5 reports of this reaction
3.4% of all ALUMINUM CHLOROHYDRATE reports
#3 most reported adverse reaction
PRODUCT ADMINISTERED AT INAPPROPRIATE SITE is the #3 most commonly reported adverse reaction for ALUMINUM CHLOROHYDRATE, manufactured by The Procter & Gamble Manufacturing Company. There are 5 FDA adverse event reports linking ALUMINUM CHLOROHYDRATE to PRODUCT ADMINISTERED AT INAPPROPRIATE SITE. This represents approximately 3.4% of all 148 adverse event reports for this drug.
Patients taking ALUMINUM CHLOROHYDRATE who experience product administered at inappropriate site should discuss this symptom with their healthcare provider to determine whether it may be related to their medication and what alternatives may be available.
PRODUCT ADMINISTERED AT INAPPROPRIATE SITE is moderately reported among ALUMINUM CHLOROHYDRATE users, representing a notable but not dominant share of adverse events.
In addition to product administered at inappropriate site, the following adverse reactions have been reported for ALUMINUM CHLOROHYDRATE:
The following drugs have also been linked to product administered at inappropriate site in FDA adverse event reports:
PRODUCT ADMINISTERED AT INAPPROPRIATE SITE has been reported as an adverse event in 5 FDA reports for ALUMINUM CHLOROHYDRATE. This does not prove causation, but indicates an association observed in post-market surveillance data.

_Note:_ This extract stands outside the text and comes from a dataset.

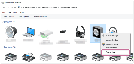 Klik met de rechter muisknop op [SRS-NB10] onder [Devices] en selecteer vervolgens [Properties] van het contextmenu*.

PRODUCT ADMINISTERED AT INAPPROPRIATE SITE accounts for approximately 3.4% of all adverse event reports for ALUMINUM CHLOROHYDRATE, making it one of the most commonly reported side effect.
If you experience product administered at inappropriate site while taking ALUMINUM CHLOROHYDRATE, contact your healthcare provider. They can evaluate whether the symptom is related to your medication and discuss potential adjustments to your treatment plan. Do not stop taking prescribed medication without consulting your doctor.